PROVIDED RECORDS below:

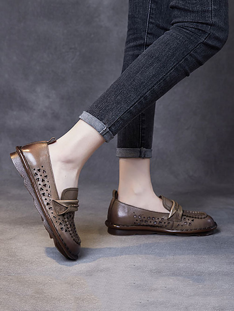 Zapatos de tacón bajo con costuras de cuero genuino de verano para mujer
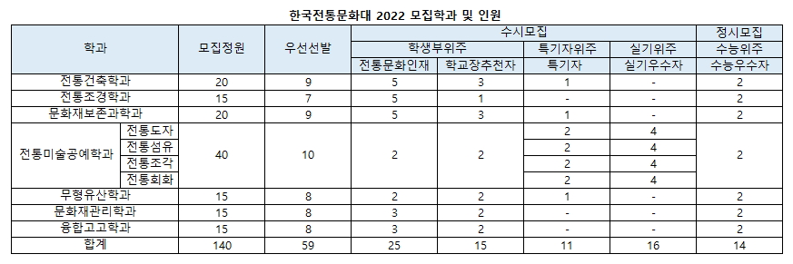 2022전통문화대 모집요강에 따르면 올해 모집인원은 총140명이다. 전체 모집인원에는 변화가 없지만 수능우수자 신설로 전형별 모집인원에 변화가 있다. 우선선발 59명, 수시 전통문화인재 25명 학교장추천자15명 특기자11명 실기우수자16명, 정시 수능우수자 14명이다. 전년 대비 우선선발(일반전형)5명 전통문화인재4명 학교장추천자(추천자) 8명이 줄고, 특기자3명과 수능우수자전형14명이 늘어난 모습이다. 지난해 전형별 모집인원은 일반전형 64명, 전통문화인재29명 추천자23명 특기자8명 실기우수자16명이었다.
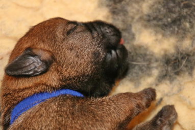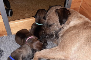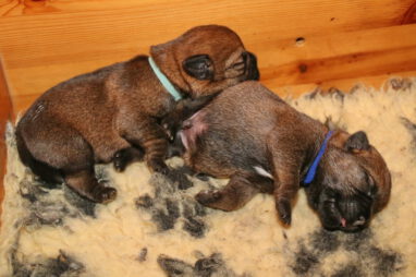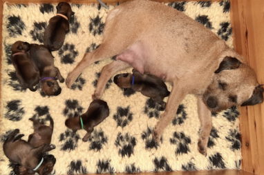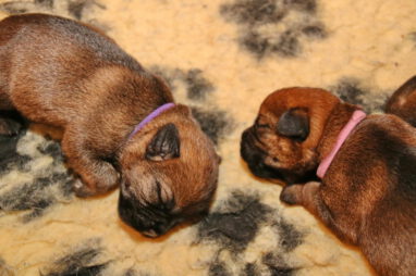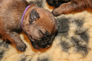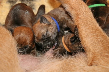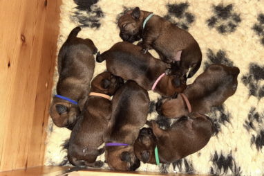 Meestal kunnen we de pups goed uit elkaar houden, maar dit zijn er zeven en ze lijken ook erg op elkaar. Daarom hebben we ze deze keer van gekleurde bandjes voorzien. Bruin, lichtblauw, donkerblauw en groen zijn de reutjes, rose, paars en oranje zijn de teefjes. We hebben ook zeven mooie Q-namen voor de pups, maar die moeten we nog verdelen.
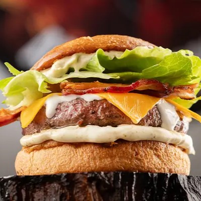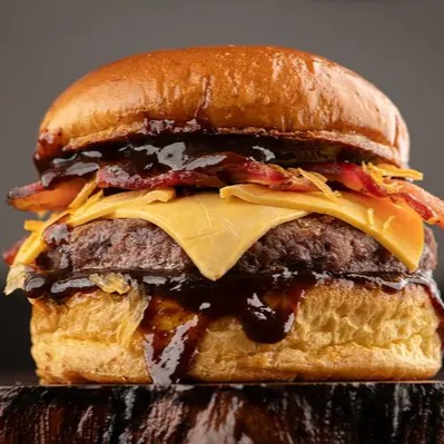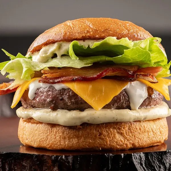 Mata a fome de qualquer gigantecom 360g de carne do gado europeu Angus, bacon top, 2x queijo prato mineiro do bom, 2x cream cheese top das galáxias, cebola caramelizada, alface, pão de brioche amanteigado e maionese da casa
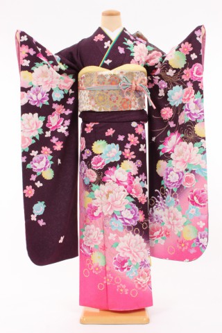 104-M-gaw0002 振袖レンタル Mサイズ 黒地に白ボカシ/紫花模様 お客様:H.O様 埼玉..
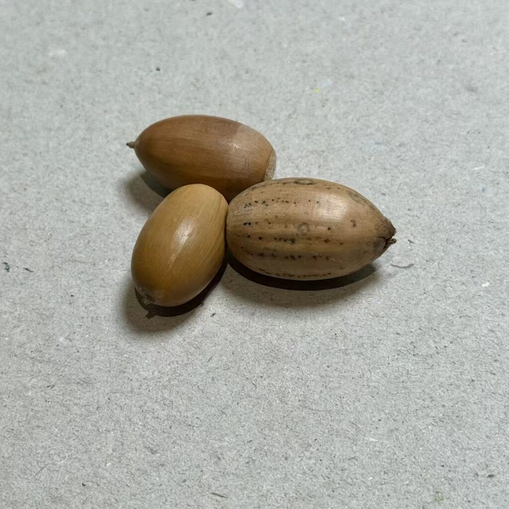Table: dry and faded. The unsealed acorns on the table clearly looked less fresh. Water loss was obvious. When I picked them up, they felt lighter. The kernel had separated from the shell, and I could hear it rattling inside.

End of PROVIDED RECORDS.

■ EXERCISE OBJECTIVE:
Restate all of the material word for word. Keep out every picture.

■ FINISHED EXERCISE:
 Zapatos de tacón bajo con costuras de cuero genuino de verano para mujer
 2022전통문화대 모집요강에 따르면 올해 모집인원은 총140명이다. 전체 모집인원에는 변화가 없지만 수능우수자 신설로 전형별 모집인원에 변화가 있다. 우선선발 59명, 수시 전통문화인재 25명 학교장추천자15명 특기자11명 실기우수자16명, 정시 수능우수자 14명이다. 전년 대비 우선선발(일반전형)5명 전통문화인재4명 학교장추천자(추천자) 8명이 줄고, 특기자3명과 수능우수자전형14명이 늘어난 모습이다. 지난해 전형별 모집인원은 일반전형 64명, 전통문화인재29명 추천자23명 특기자8명 실기우수자16명이었다.
 Meestal kunnen we de pups goed uit elkaar houden, maar dit zijn er zeven en ze lijken ook erg op elkaar. Daarom hebben we ze deze keer van gekleurde bandjes voorzien. Bruin, lichtblauw, donkerblauw en groen zijn de reutjes, rose, paars en oranje zijn de teefjes. We hebben ook zeven mooie Q-namen voor de pups, maar die moeten we nog verdelen.
 Mata a fome de qualquer gigantecom 360g de carne do gado europeu Angus, bacon top, 2x queijo prato mineiro do bom, 2x cream cheese top das galáxias, cebola caramelizada, alface, pão de brioche amanteigado e maionese da casa
 104-M-gaw0002 振袖レンタル Mサイズ 黒地に白ボカシ/紫花模様 お客様:H.O様 埼玉..
Table: dry and faded. The unsealed acorns on the table clearly looked less fresh. Water loss was obvious. When I picked them up, they felt lighter. The kernel had separated from the shell, and I could hear it rattling inside.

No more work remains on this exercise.